__TASK OBJECTIVE__
With the pictures omitted, write out all of the listing exactly.

__SUPPLIED MATERIAL__
Start of Block

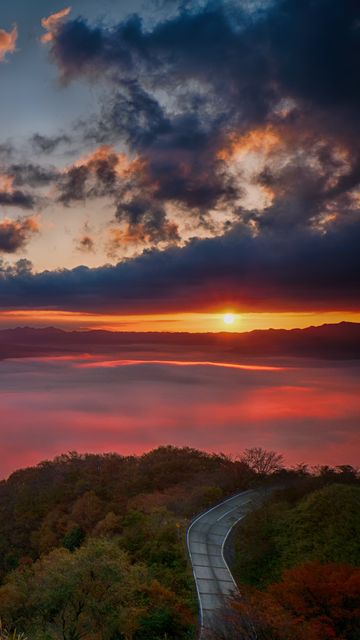 360x640 рассвет, горы, горизонт, облака, солнечные лучи, дорога обои nokia n8, c5, c6, c7, e7, x6 nokia 5800, 5230, 5228, sony ericsson vivaz
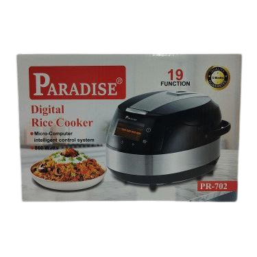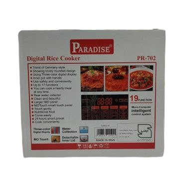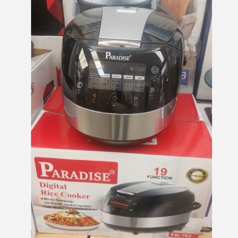 داشتن پلو پز برقی چندکاره عصای دست هر بانوی خانه در آشپزخانه می باشد. پلو پز خوب در مهمانی ها خیال آشپز را از پخت برنج با آبکش راحت میکند. پلوپز برقی پارادایس از نظر پخت برنج و سایر غذاها بسیار با کیفیت می باشد. جنس بدنه از استیل بوده و دارای ۱۹ برنامه پخت پیش فرض می باشد. که میتوان به پخت برنج_کیک_سوپ_سبزیجات_ماست_حلیم و تهیه انواع خورشت ها اشاره کرد.
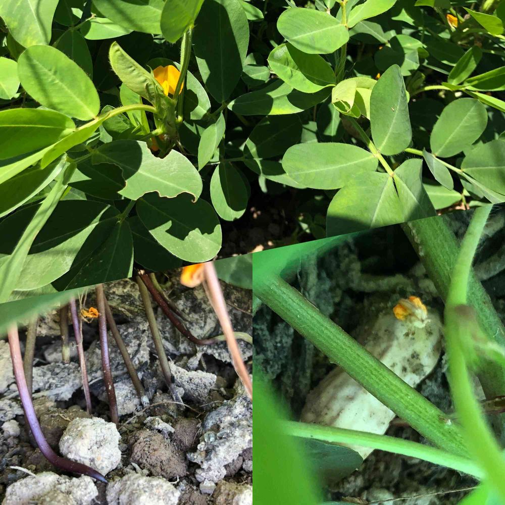 ピーナツが茂り、花下から伸びた子房柄が土に突き刺さるように伸びて(左下)その先端が膨れて実になってます(右下)
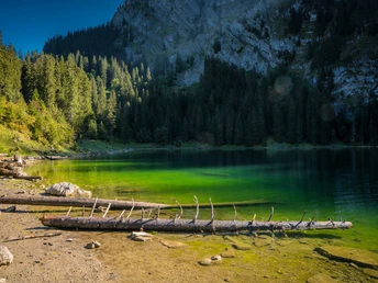 Von der Busendstation auf der Axalp geht es vorerst am Alpengasthof vorüber auf gut ausgebautem Wanderweg ostwärts. Die Steigung bleibt mässig. Rückwärts blickend ist das Augstmatthorn, der Harder und das dahinter aufragende Niederhorn zu erkennen. Die Baumreihen haben sich nach schweren Stürmen und Lawinenniedergängen merklich gelichtet. Aus den Baumstrünken haben Schüler der kantonalen Schule für Holzbildhauerei in Brienz vielfältige und originelle Skulpturen angefertigt. Kurz nach der Wegverzweigung in Färnigen quert man die sich vom Axalphorn herabziehende Bergrippe. Das in einer Senke liegende Hinterburgseeli ist erst zu sehen, wenn man fast unmittelbar an seinem Ufer steht. Wie ein Juwel leuchtet die blau-grüne Wasserfläche aus dem umstehenden Tannenkranz. Wuchtig erheben sich darüber die Felsbänder der Oltschiburg. Vom Seelein weg steigt der Weg wieder sanft an zum Übergang auf der Alp Hinterburg. Im Abstieg zu den Hütten Uf der Flue fesselt der Tiefblick ins untere Haslital, das vom Silberband der Aare durchzogen wird. Sehr steil ist der anschliessende Aufstieg auf schmalem Pfad durch die Flanke der Oltschiburg. Danach gehts in leichtem Auf und Ab zu den Hütten im Urserli (nach Tschingel– Chüemad–Axalp 2h45; nur für trittsichere, schwindelfreie Berggänger geeignet!). Unterwegs prachtvolle Aussicht zum Brienzersee. Vorsicht ist auf dem sich zusehends verengenden, steilen Felswänden entlang führenden Pfad zum Chruttmettli geboten, von wo ein breiter Waldweg nach Färnigen hinunter und zum Ausgangspunkt auf der Axalp zurück führt.

End of Block

__WRITTEN SOLUTION__
 360x640 рассвет, горы, горизонт, облака, солнечные лучи, дорога обои nokia n8, c5, c6, c7, e7, x6 nokia 5800, 5230, 5228, sony ericsson vivaz
 داشتن پلو پز برقی چندکاره عصای دست هر بانوی خانه در آشپزخانه می باشد. پلو پز خوب در مهمانی ها خیال آشپز را از پخت برنج با آبکش راحت میکند. پلوپز برقی پارادایس از نظر پخت برنج و سایر غذاها بسیار با کیفیت می باشد. جنس بدنه از استیل بوده و دارای ۱۹ برنامه پخت پیش فرض می باشد. که میتوان به پخت برنج_کیک_سوپ_سبزیجات_ماست_حلیم و تهیه انواع خورشت ها اشاره کرد.
 ピーナツが茂り、花下から伸びた子房柄が土に突き刺さるように伸びて(左下)その先端が膨れて実になってます(右下)
 Von der Busendstation auf der Axalp geht es vorerst am Alpengasthof vorüber auf gut ausgebautem Wanderweg ostwärts. Die Steigung bleibt mässig. Rückwärts blickend ist das Augstmatthorn, der Harder und das dahinter aufragende Niederhorn zu erkennen. Die Baumreihen haben sich nach schweren Stürmen und Lawinenniedergängen merklich gelichtet. Aus den Baumstrünken haben Schüler der kantonalen Schule für Holzbildhauerei in Brienz vielfältige und originelle Skulpturen angefertigt. Kurz nach der Wegverzweigung in Färnigen quert man die sich vom Axalphorn herabziehende Bergrippe. Das in einer Senke liegende Hinterburgseeli ist erst zu sehen, wenn man fast unmittelbar an seinem Ufer steht. Wie ein Juwel leuchtet die blau-grüne Wasserfläche aus dem umstehenden Tannenkranz. Wuchtig erheben sich darüber die Felsbänder der Oltschiburg. Vom Seelein weg steigt der Weg wieder sanft an zum Übergang auf der Alp Hinterburg. Im Abstieg zu den Hütten Uf der Flue fesselt der Tiefblick ins untere Haslital, das vom Silberband der Aare durchzogen wird. Sehr steil ist der anschliessende Aufstieg auf schmalem Pfad durch die Flanke der Oltschiburg. Danach gehts in leichtem Auf und Ab zu den Hütten im Urserli (nach Tschingel– Chüemad–Axalp 2h45; nur für trittsichere, schwindelfreie Berggänger geeignet!). Unterwegs prachtvolle Aussicht zum Brienzersee. Vorsicht ist auf dem sich zusehends verengenden, steilen Felswänden entlang führenden Pfad zum Chruttmettli geboten, von wo ein breiter Waldweg nach Färnigen hinunter und zum Ausgangspunkt auf der Axalp zurück führt.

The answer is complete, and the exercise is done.